ZKProphet: Understanding Performance of Zero-Knowledge Proofs on GPUs
Tarunesh Verma, Yichao Yuan, Nishil Talati, Todd Austin
Published: 2025/9/17
Abstract
Zero-Knowledge Proofs (ZKP) are protocols which construct cryptographic proofs to demonstrate knowledge of a secret input in a computation without revealing any information about the secret. ZKPs enable novel applications in private and verifiable computing such as anonymized cryptocurrencies and blockchain scaling and have seen adoption in several real-world systems. Prior work has accelerated ZKPs on GPUs by leveraging the inherent parallelism in core computation kernels like Multi-Scalar Multiplication (MSM). However, we find that a systematic characterization of execution bottlenecks in ZKPs, as well as their scalability on modern GPU architectures, is missing in the literature. This paper presents ZKProphet, a comprehensive performance study of Zero-Knowledge Proofs on GPUs. Following massive speedups of MSM, we find that ZKPs are bottlenecked by kernels like Number-Theoretic Transform (NTT), as they account for up to 90% of the proof generation latency on GPUs when paired with optimized MSM implementations.

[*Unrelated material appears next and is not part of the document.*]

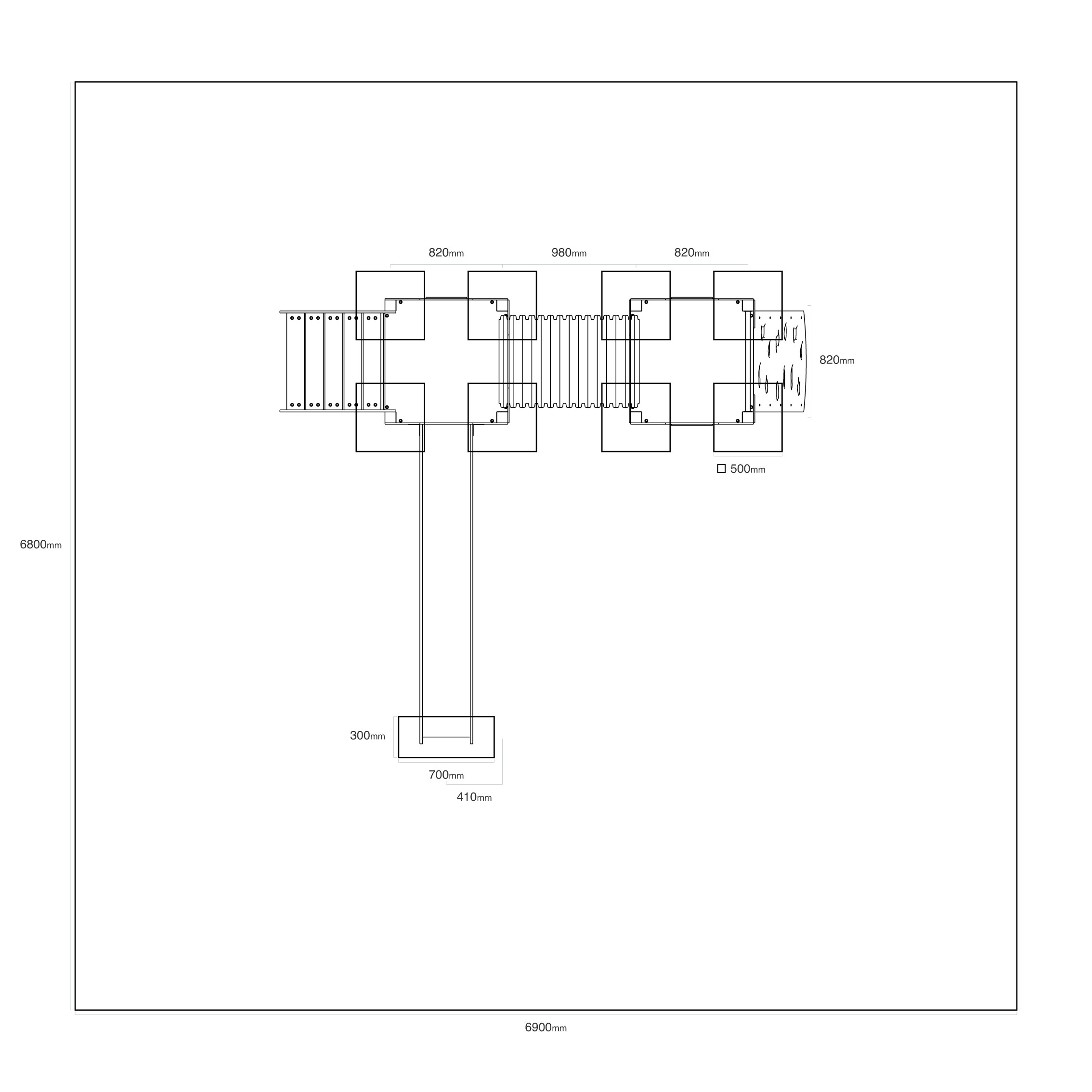 - Biztonsági zóna: 6,9 × 6,8 m

Available NTT implementations under-utilize GPU compute resources and often do not employ architectural features like asynchronous compute and memory operations. We observe that the arithmetic operations underlying ZKPs execute exclusively on the GPU's 32-bit integer pipeline and exhibit limited instruction-level parallelism due to data dependencies. Their performance is thus limited by the available integer compute units. While one way to scale the performance of ZKPs is adding more compute units, we discuss how runtime parameter tuning for optimizations like precomputed inputs and alternative data representations can extract additional speedup. With this work, we provide the ZKP community a roadmap to scale performance on GPUs and construct definitive GPU-accelerated ZKPs for their application requirements and available hardware resources.